The day before CT colonography, 50 to 2000 mL of an aqueous solution in which the water-soluble polymer or salt laxative is dissolved in water, and the barium are each taken once or divided into multiple times, Pretreatment drug for CT colonography.   24. The pretreatment drug for CT colonography according to claim 23, wherein the water-soluble polymer or salt laxative dissolved in water and the barium are taken within 30 minutes.   The pretreatment agent for CT colonography according to claim 23 or 24, wherein the total dose of the aqueous solution on the day before CT colonography is 70 to 900 mL. The barium is barium sulfate;
The CT colonography according to any one of claims 23 to 25, which has a viscosity of 350 mPa · s or more at a shear rate of 21.54 s ^{-1 and 5 to} 90 mPa · s at a shear rate of 464.1 s ^-1 . Pretreatment drug for. A solution for oral administration in CT colonography digestive tract imaging,
Containing a water-soluble polymer or a salt laxative,
The day before CT colonography, 50-2000 mL was taken in one or more times with barium,
The viscosity is 100 to 750 mPa · s at a shear rate of 21.54 s ^{−1 and 5 to} 90 mPa · s at a shear rate of 464.1 s ⁻¹ ;
Oral administration, wherein the cumulative volume distribution of barium has a particle diameter D10 of 10% cumulative of 0.30 to 0.50 μm and a particle diameter D90 of 90% cumulative of 1.00 to 2.00 μm.

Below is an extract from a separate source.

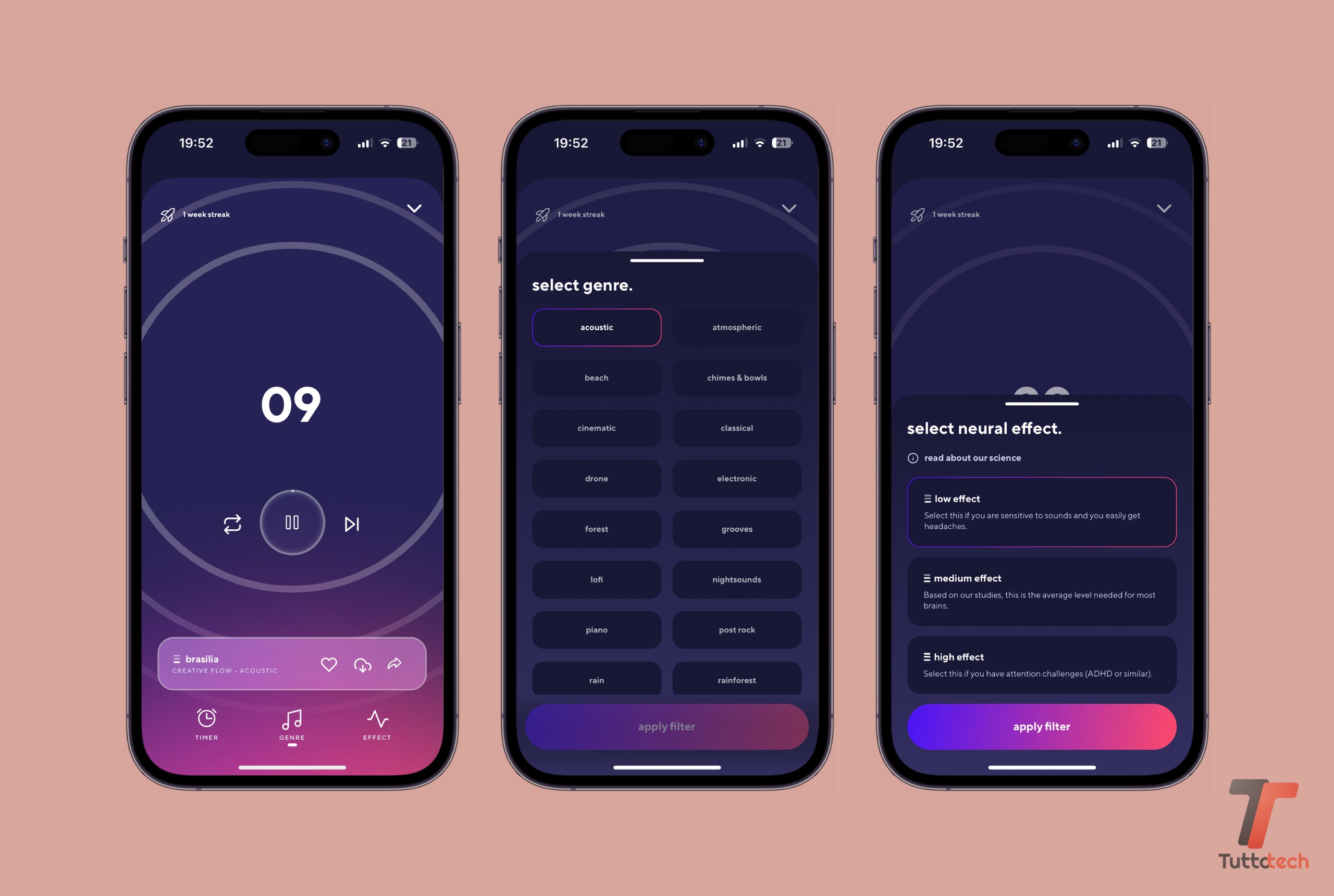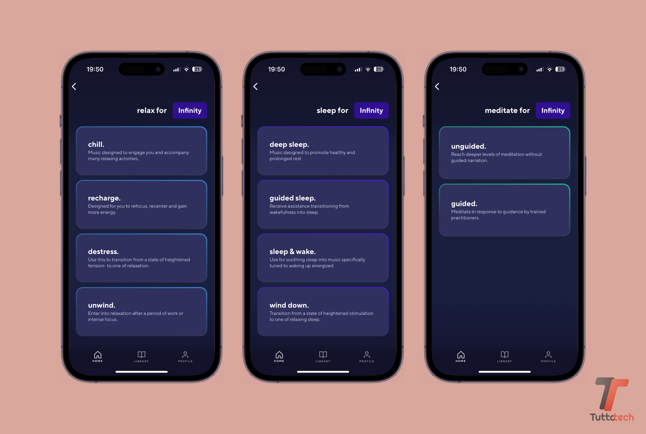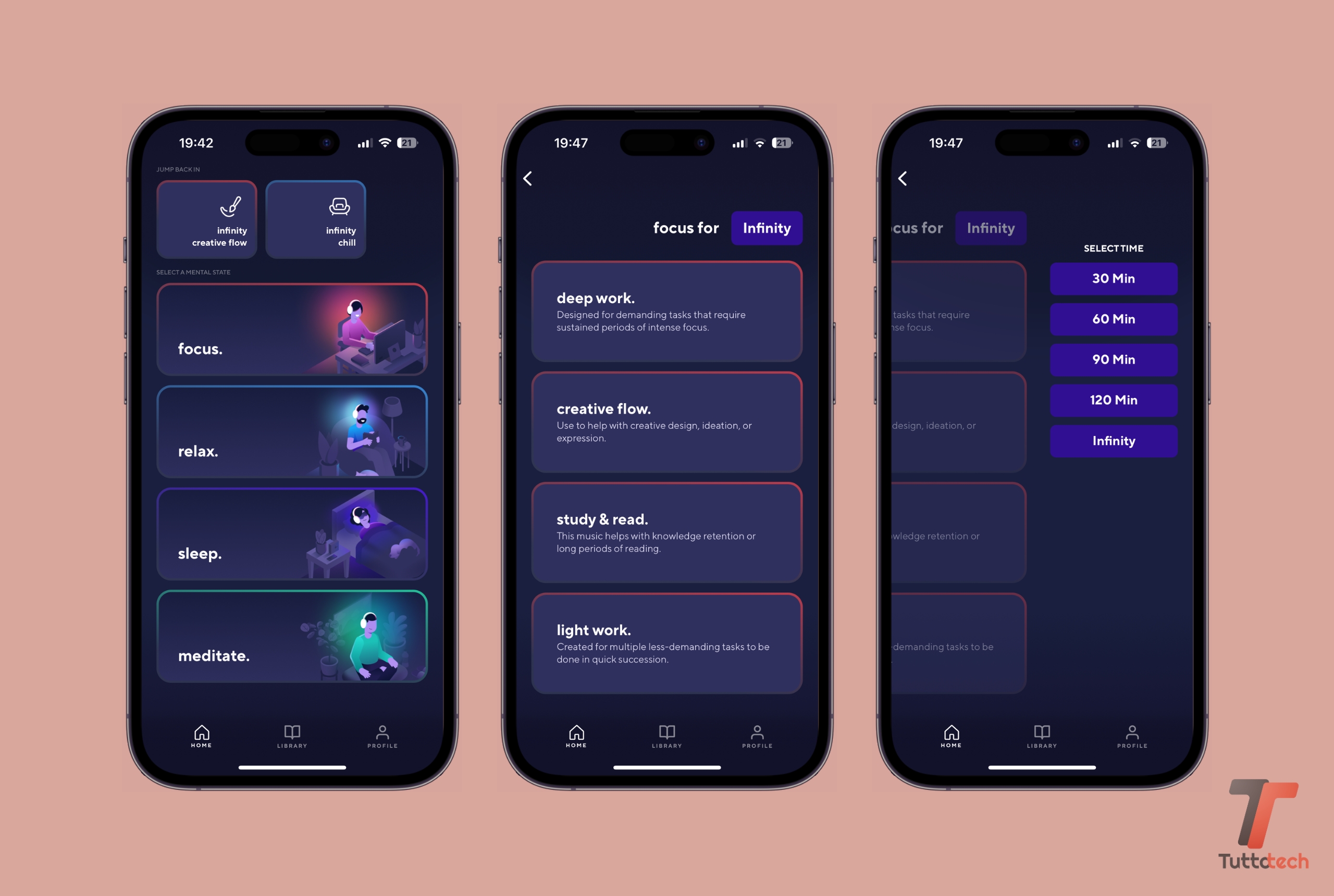 La schermata iniziale dell’app, oltre a mostrare le sessioni di ascolto iniziate in precedenza, farà scegliere la tipologia di obiettivo prefissato tra concentrazione, relax, sonno e meditazione. Una volta scelta la tipologia di obiettivo, l’app chiederà di scegliere un timer (tra 30, 60, 90, 120 minuti o infinito) e a cosa serva questa sessione (ad esempio, nel caso della concentrazione, chiede se serve per lavoro pesante, per flusso creativo, per studio e lettura o lavoro leggero).

Solution.   Viscosity, shear rate 21.54s ^-1 The solution for oral administration according to any one of claims 1 to 16 or 27, wherein the solution is 350 to 750 mPa · s.   Viscosity, shear rate 21.54s ^-1 The solution for oral administration according to any one of claims 1 to 16 or 27, wherein the solution is 350 to 500 mPa · s.   Viscosity, shear rate 21.54s ^-1 The composition for gastrointestinal tract imaging according to any one of claims 17 to 22, wherein the composition is 350 to 750 mPa · s.   Viscosity, shear rate 21.54s ^-1 The composition for gastrointestinal tract imaging according to any one of claims 17 to 22, which is 350 to 500 mPa · s.   Viscosity, shear rate 21.54s ^-1 The pretreatment agent for CT colonography according to any one of claims 23 to 26, wherein the pretreatment agent is 350 to 750 mPa · s.   Viscosity, shear rate 21.54s ^-1 The pretreatment agent for CT colonography according to any one of claims 23 to 26, wherein the pretreatment agent is 350 to 500 mPa · s.